> _INSTRUCTIONS TO FOLLOW_:
What are the lines below, starting at the line containing "SENATE DISTRICT 29" and ending at the line containing "CONGREGATION BETH EL"? Write them out exactly, ends included, without pictures.

> _DATASET RECORDS_:
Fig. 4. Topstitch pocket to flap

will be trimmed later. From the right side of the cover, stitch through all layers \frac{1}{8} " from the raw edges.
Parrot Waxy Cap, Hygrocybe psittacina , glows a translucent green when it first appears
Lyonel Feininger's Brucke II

* * *

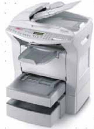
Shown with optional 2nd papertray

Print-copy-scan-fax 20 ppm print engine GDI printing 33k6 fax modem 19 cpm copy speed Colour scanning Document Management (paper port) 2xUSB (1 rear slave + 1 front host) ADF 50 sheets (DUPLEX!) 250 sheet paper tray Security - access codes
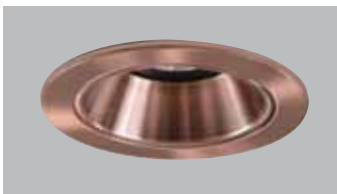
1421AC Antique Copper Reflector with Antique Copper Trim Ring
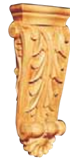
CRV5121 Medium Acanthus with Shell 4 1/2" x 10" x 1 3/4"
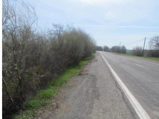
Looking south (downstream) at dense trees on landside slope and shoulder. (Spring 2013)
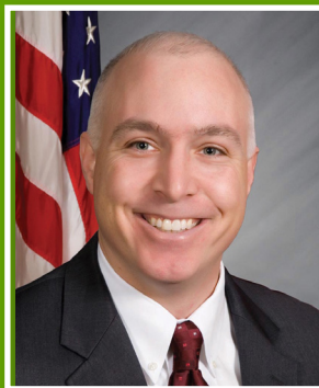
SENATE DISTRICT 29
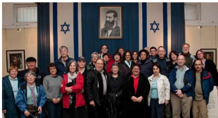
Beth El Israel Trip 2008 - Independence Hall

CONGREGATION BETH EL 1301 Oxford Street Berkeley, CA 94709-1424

> _YOUR SOLUTION_:
SENATE DISTRICT 29
Beth El Israel Trip 2008 - Independence Hall

CONGREGATION BETH EL 1301 Oxford Street Berkeley, CA 94709-1424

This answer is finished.